Local Matrix Homotopies and Soft Tori

TL;DR

This paper introduces toroidal matrix links to solve local connectivity problems in matrix representations involving the Soft Torus, combining techniques from matrix geometry, optimization, and C*-algebra theory.

Contribution

It presents a novel approach using toroidal matrix links to address local connectivity in matrix representations of the Soft Torus, expanding the tools available in matrix algebra topology.

Findings

Solved local connectivity problems in matrix representations involving the Soft Torus.

Introduced toroidal matrix links as analogs of free homotopies in matrix form.

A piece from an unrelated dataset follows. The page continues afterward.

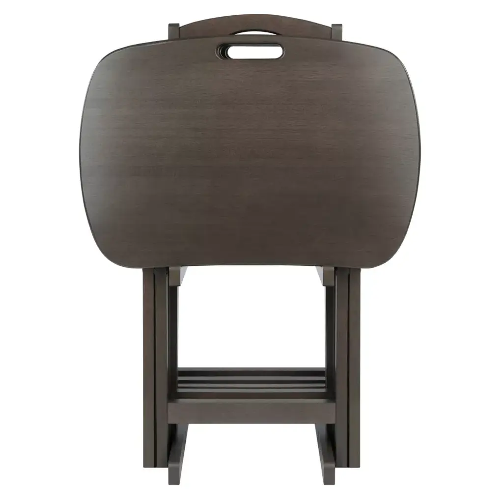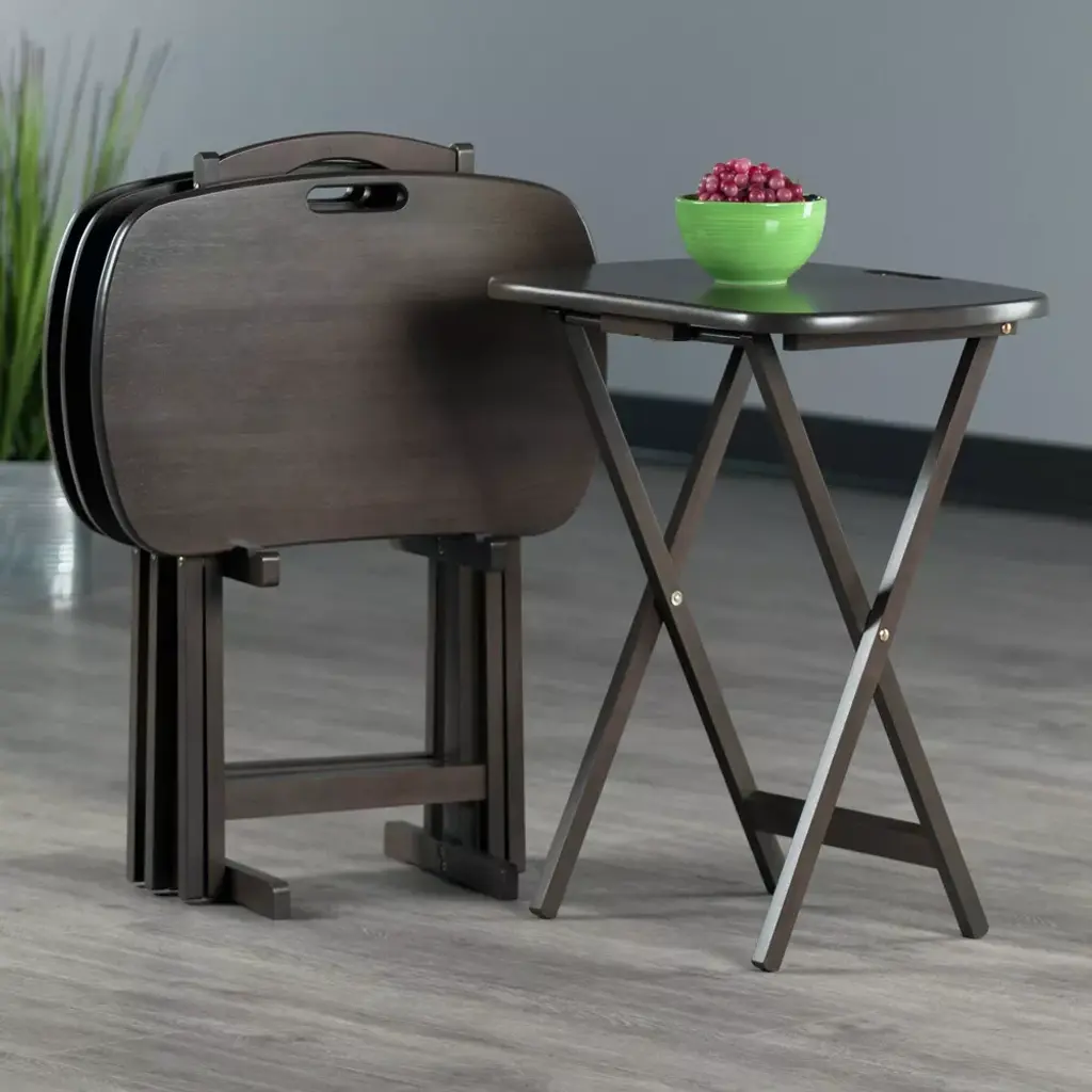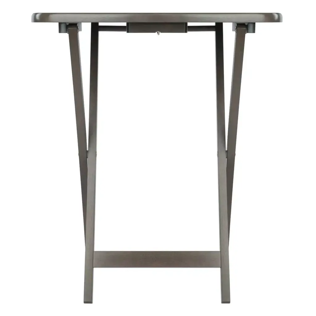 Make entertaining simple and easy with the Winsome Wood Lucca 5-Piece TV Table Set. A perfect companion piece for a casual meal in front of the TV or on the patio. Four folding snack tables great for daily use and compact enough to store in the closet. An upright stand is an innovative addition to this set as it serves as a rack to store the folded tables discretely when not in use. These beautifully finished trays are convenient and make meal serving simple when you need it. The wide 22.8” oblong portable folding TV table set provides users easy handling so they can lift the trays off the stand using the cutout handles in the table. You can move them closer to a sofa, chair or even into a different room. Winsome TV tables are ideal for small apartments, dorms and offices. They can also be used to prop up a laptop, play cards or other board games, apply nail polish or sort coupons. These light weight tables are portable and practical, fold up and place back on the stand for compact storage. Notches on the stand keep the folded tables securely in place. With its many uses and advantages, the Lucca 5-Piece TV Table Set is a piece of furniture you'll appreciate and be glad you own. Constructed of solid and composite wood in a contemporary oyster gray finish. Conveniently packed and shipped in 1 box, that includes the hardware necessary for assembling the stand. Tables arrive ready to use. Replacement part request can be submitted directly to the manufacturer within 60 days from date of purchase.Size of stand with trays loaded: 22.8""W x 11.9""D x 31.3""HSize of open snack tray: 22.8""W x 15.6""D x 25.7""H Folded tray: 22.8""W x 1.7""D x 29.4""H Stand only: 12.2""W x 11.9""D x 31.3""H Static weight capacity 25 lbs. per trayStand requires assembly Snack Trays are fully assembledShips in 1 box

Combined techniques from matrix geometry, optimization, and C*-algebra classification.

Abstract

We present solutions to local connectivity problems in matrix representations of the form $C([-1,1]^{N}) \to A_{n,\varepsilon} \leftarrow C_{\varepsilon}(\mathbb{T}^{2})$ for any $\varepsilon\in[0,2]$ and any integer $n\geq 1$, where $A_{n,\varepsilon}\subseteq M_n$ and where $C_{\varepsilon}(\mathbb{T}^{2})$ denotes the {\bf Soft Torus}. We solve the connectivity problems by introducing the so called toroidal matrix links, which can be interpreted as normal contractive matrix analogies of free homotopies in differential algebraic topology. In order to deal with the locality constraints, we have combined some techniques introduced in this document with some techniques from matrix geometry, combinatorial optimization, classification and representation theory of C$^*$-algebras.